Stored dataset items
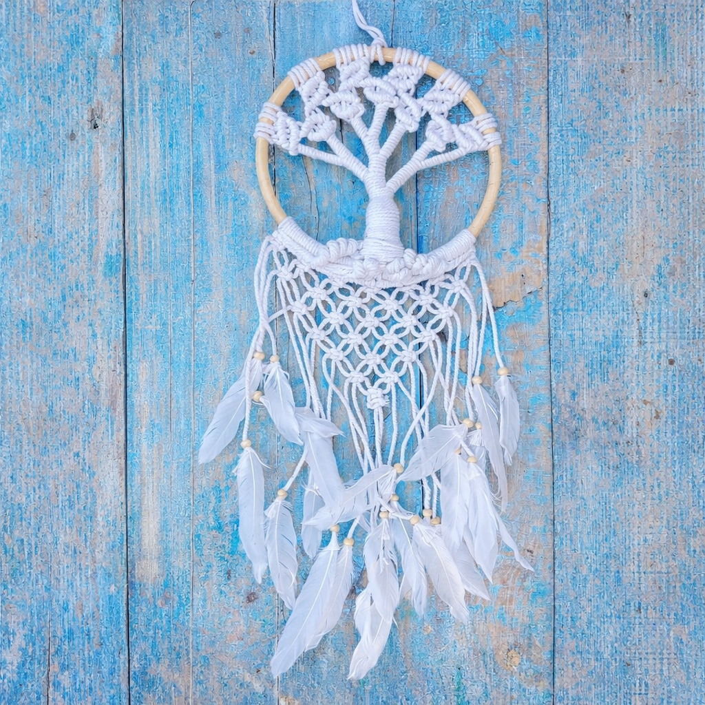De traditionele dromenvanger (web met veren) krijgt een decoratieve en betekenisvolle twist met deze macramé levensboom. Gemaakt op Bali, en hij doet het goed in ieder interieur.
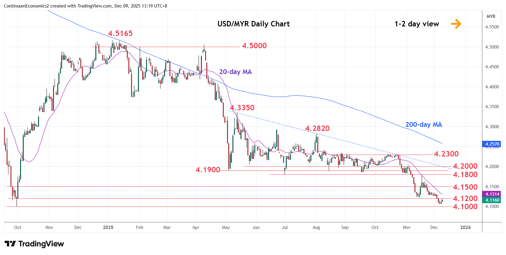 Edged up from the 4.1060 low to consolidate losses from the 4.1765, 18 November swing high
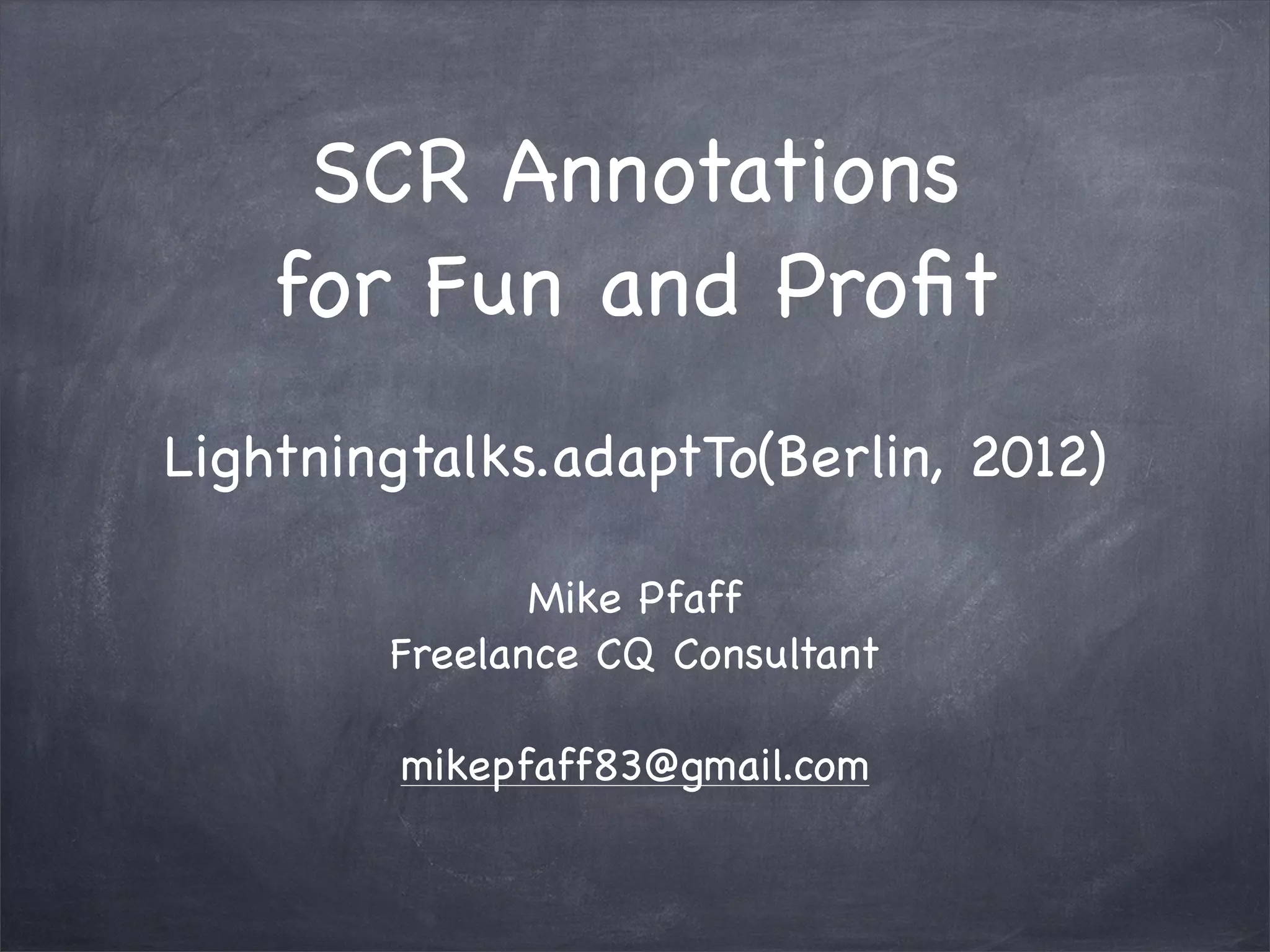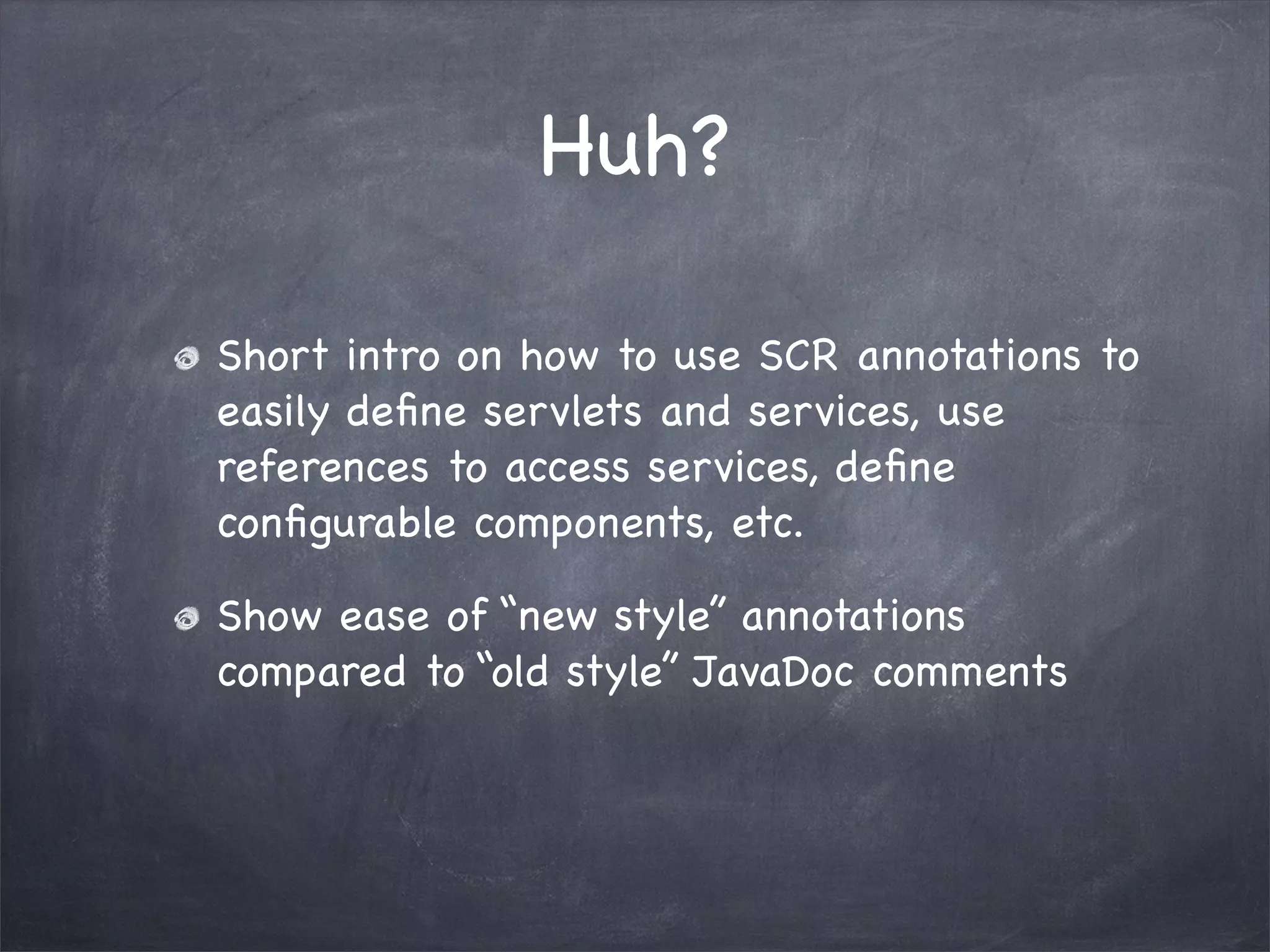 This document discusses using SCR annotations as an alternative to JavaDoc comments for defining OSGi services, references, and components. It provides examples of using annotations to define servlets, references, and configurable components. It also covers using the Apache Felix maven plugin and some best practices like only setting "metatype" to true if the component needs to be configurable.
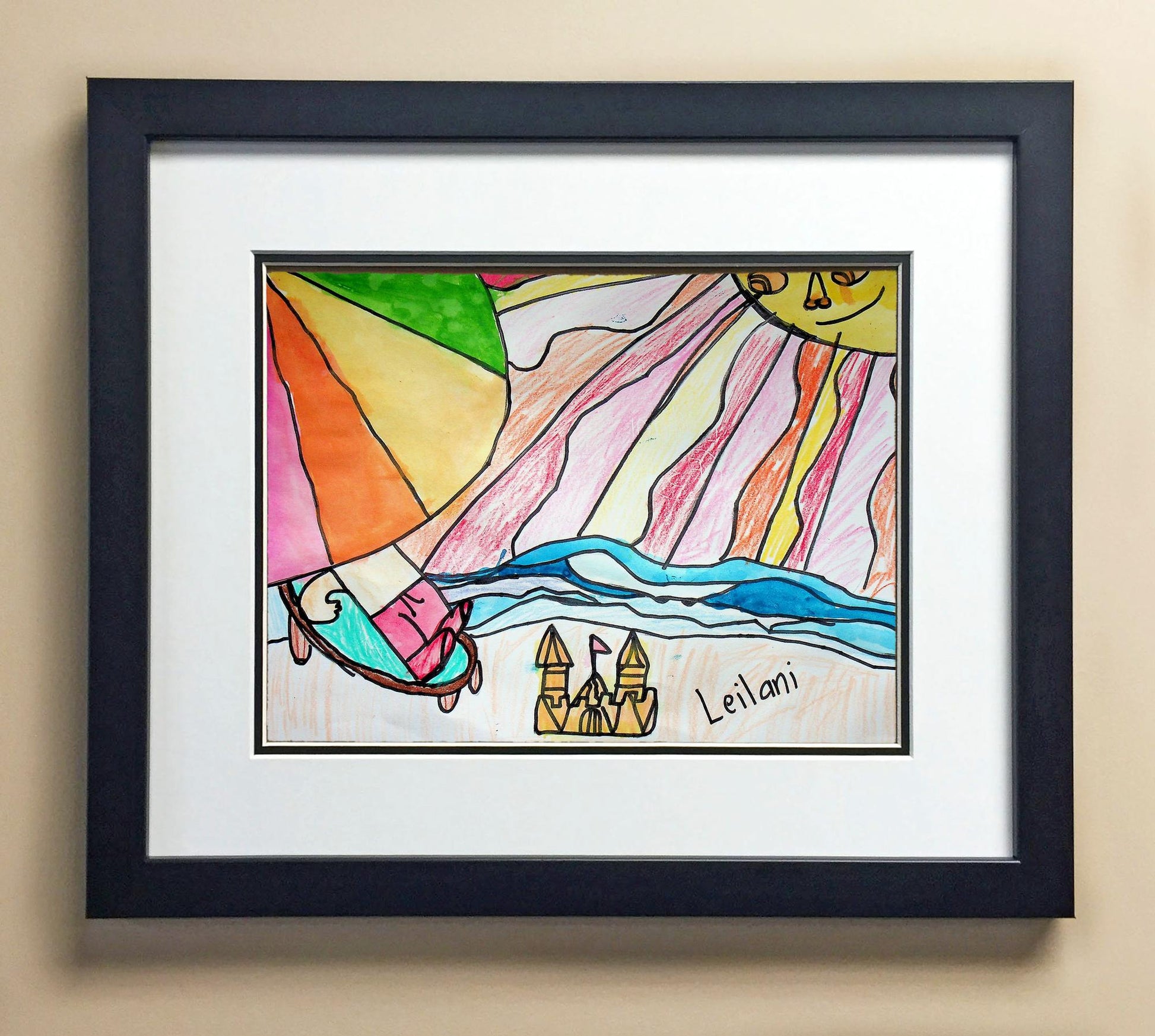 Included with the purchase is the Students Artwork, Frame, double matboard, shatter proof plexiglass, and a ready to hang backerboard with turnbuttons
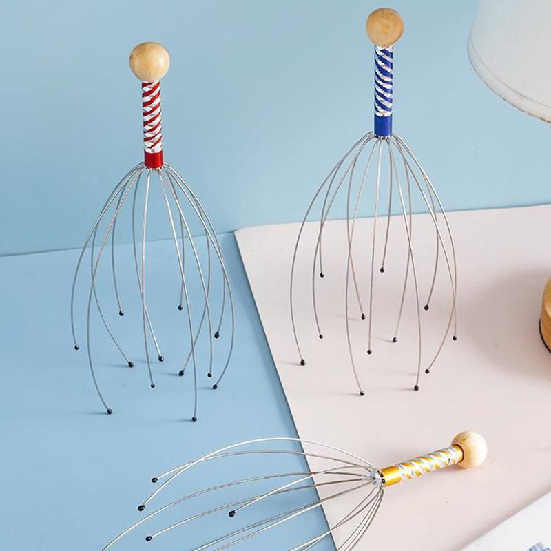1PC Octopus Head Massager Stainless Steel Engraved Head Relaxer Brain Massage Claw Scalp Scratcher Itch Reliever Random Color
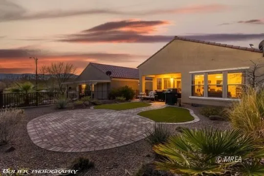 Looking to downsize and still be part of the Sun City community? This home could be just the ticket. 2 bedrooms, 2 baths and a 2-car garage. The home is being offered turnkey at this price. Located at the southeast corner of the development. It is quiet and there is very little traffic. Enjoy the mountain views from your eastern facing back patio. Granite countertops and custom features like the paver driveway and landscaped backyard will add to your enjoyment of this adorable home. Have a little doggie? There is a Sun City pocket park just across the street. The home is filled with plenty of natural light. There is a mini split in the garage for heating and cooling and a water softener.

▸ **Your instructions**
Only the lines from the one with "Edged up from" through the final line of the entries above are to be repeated, exactly as written and without pictures.

▸ **Solved problem**
 Edged up from the 4.1060 low to consolidate losses from the 4.1765, 18 November swing high
 This document discusses using SCR annotations as an alternative to JavaDoc comments for defining OSGi services, references, and components. It provides examples of using annotations to define servlets, references, and configurable components. It also covers using the Apache Felix maven plugin and some best practices like only setting "metatype" to true if the component needs to be configurable.
 Included with the purchase is the Students Artwork, Frame, double matboard, shatter proof plexiglass, and a ready to hang backerboard with turnbuttons
1PC Octopus Head Massager Stainless Steel Engraved Head Relaxer Brain Massage Claw Scalp Scratcher Itch Reliever Random Color
 Looking to downsize and still be part of the Sun City community? This home could be just the ticket. 2 bedrooms, 2 baths and a 2-car garage. The home is being offered turnkey at this price. Located at the southeast corner of the development. It is quiet and there is very little traffic. Enjoy the mountain views from your eastern facing back patio. Granite countertops and custom features like the paver driveway and landscaped backyard will add to your enjoyment of this adorable home. Have a little doggie? There is a Sun City pocket park just across the street. The home is filled with plenty of natural light. There is a mini split in the garage for heating and cooling and a water softener.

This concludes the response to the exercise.